There are many interesting applications of Newton’s laws of motion, a few more of which are presented in this section. These serve also to illustrate some further subtleties of physics and to help build problem-solving skills.

Drag force on a barge

Suppose two tugboats push on a barge at different angles, as shown in [link] . The first tugboat exerts a force of $2.7 \times 10^{5} N$ in the x -direction, and the second tugboat exerts a force of $3.6 \times 10^{5} N$ in the y -direction.

(a) A view from above two tugboats pushing on a barge. One tugboat is pushing with the force F sub x equal to two point seven multiplied by ten to the power five newtons, shown by a vector arrow acting toward the right in the x direction. Another tugboat is pushing with a force F sub y equal to three point six multiplied by ten to the power five newtons acting upward in the positive y direction. Acceleration of the barge, a, is shown by a vector arrow directed fifty-three point one degree angle above the x axis. In the free-body diagram, F sub y is acting on a point upward, F sub x is acting toward the right, and F sub D is acting approximately southwest. (b) A right triangle is made by the vectors F sub x and F sub y. The base vector is shown by the force vector F sub x. and the perpendicular vector is shown by the force vector F sub y. The resultant is the hypotenuse of this triangle, making a fifty-three point one degree angle from the base, shown by the vector force F sub net pointing up the inclination. A vector F sub D points down the incline. — (a) A view from above of two tugboats pushing on a barge. (b) The free-body diagram for the ship contains only forces acting in the plane of the water.

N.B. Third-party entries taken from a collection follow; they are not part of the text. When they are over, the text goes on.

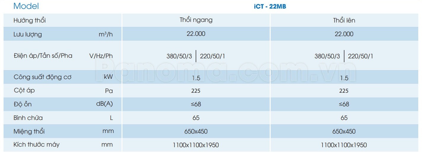Thông số kỹ thuật máy làm mát iCT - 22MB
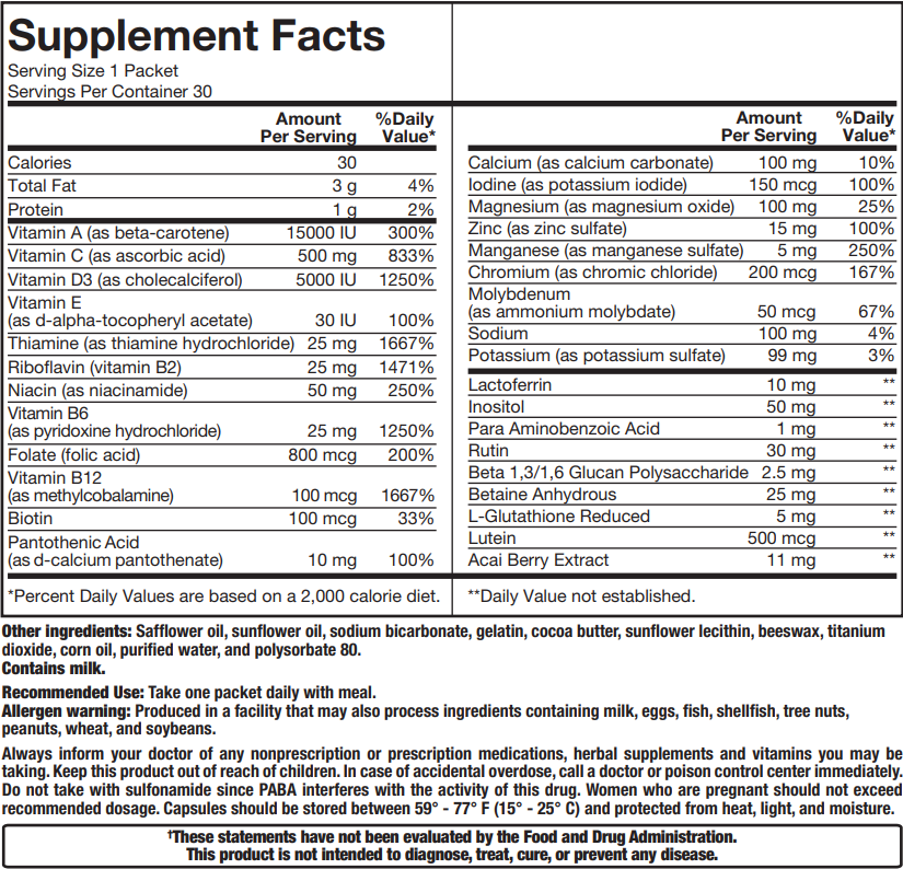 VPX Medivin 30 sachets of vitamins and minerals for athletes are:
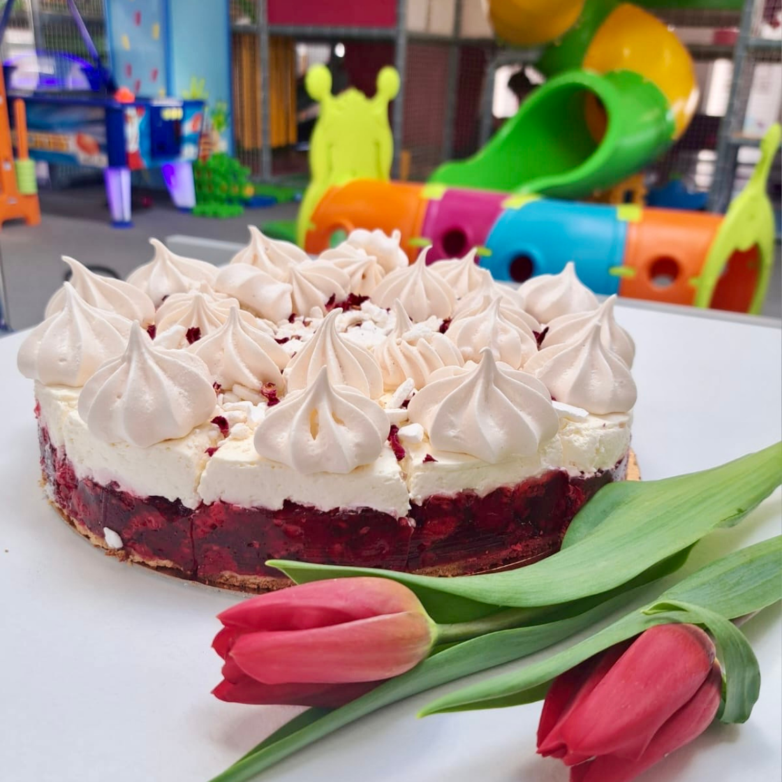 ciasta: sernik Hula Play, malinowa chmurka, sernik nowojorski, miodownik, brownie, bananofee, tort tiramisu, galaretkowiec, tarta z owocami, mini bezy Pavlova z owocami
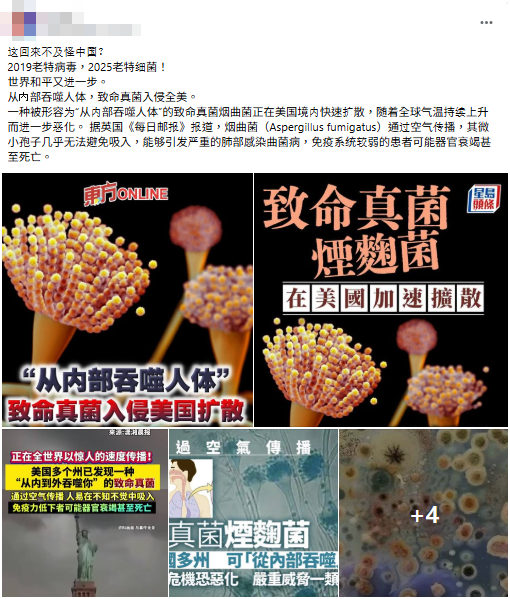 網傳「致命真菌煙麴菌」的貼文及影片,但根據專家說法,「麴菌」常見來源為土壤、落葉等,傳言提到「這回來不及怪中國」、「高碳排恐使歐洲暴露於感染風險中」、「台灣就繼續卯足了勁兒的火力發電」等說法,是沒有科學依據的個人意見與陰謀論說法,為錯誤傳言。
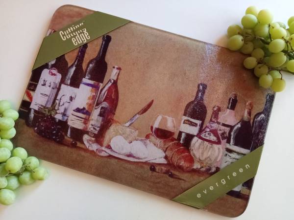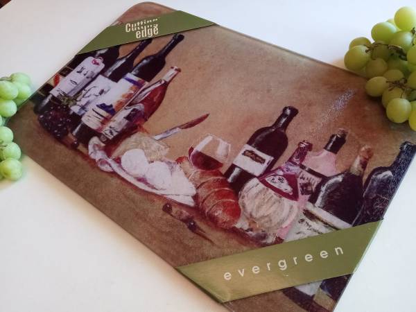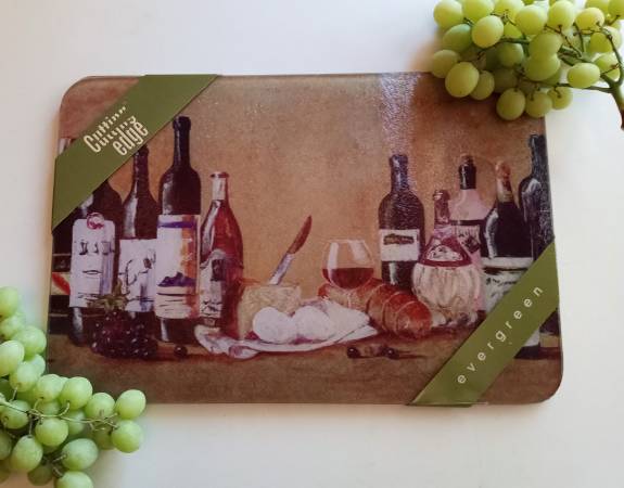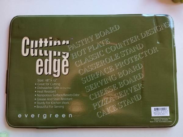 17 7/8" x 12" Excellent condition: no chips, scratches, cuts, cracks, nicks or marks. Tempered glass cutting board. Heat resistant / dishwasher-safe. Use as charcuterie board / serve ware / cutting...
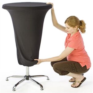 The wrinkle free design of this black tablecloth for FOLDR2646 provides ease of use as well as functionality. The spandex design offers a form-fitting slipcover to add to compatible high-top tables. Great for any party, function or tradeshow this spandex cover allows you to better engage with consumers or offers your guests a place to enjoy a cocktail over. The stretch fitted design meant for the standing tables gives you a sleek look. Simply slide the cover down coordinating tables and slip the 5 corner base pockets over each foot.
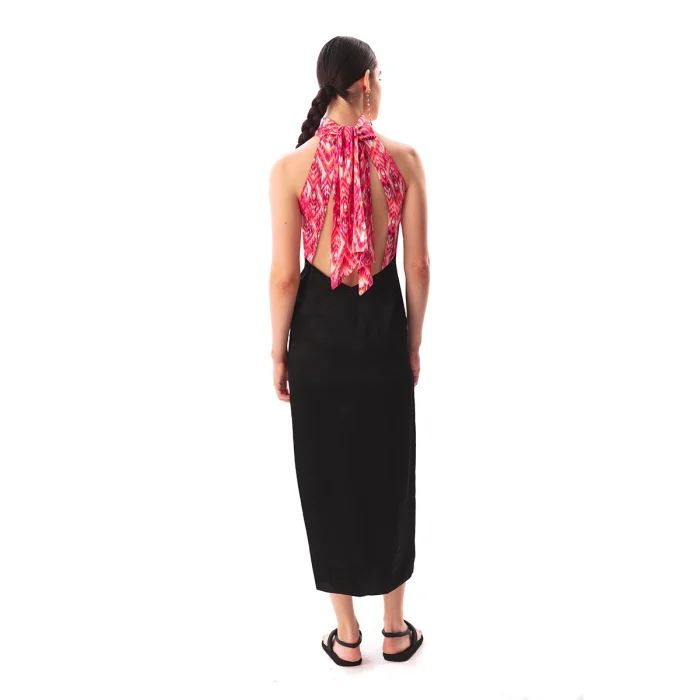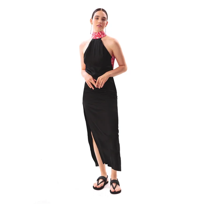 •Tie-neck gown. •Open back. •Adjustable bow at the neck •Side slit.. •Color blocked on neck and back. •Ankle length. •Soft silky cupro fabric. • The product size worn by the mannequin in the picture is size S. • Model dimensions: 83/58/94

It omits the two vertical forces—the weight of the barge and the buoyant force of the water supporting it cancel and are not shown. Since the applied forces are perpendicular, the x - and y -axes are in the same direction as $F_{x}$ and $F_{y}$ . The problem quickly becomes a one-dimensional problem along the direction of $F_{app}$ , since friction is in the direction opposite to $F_{app}$ .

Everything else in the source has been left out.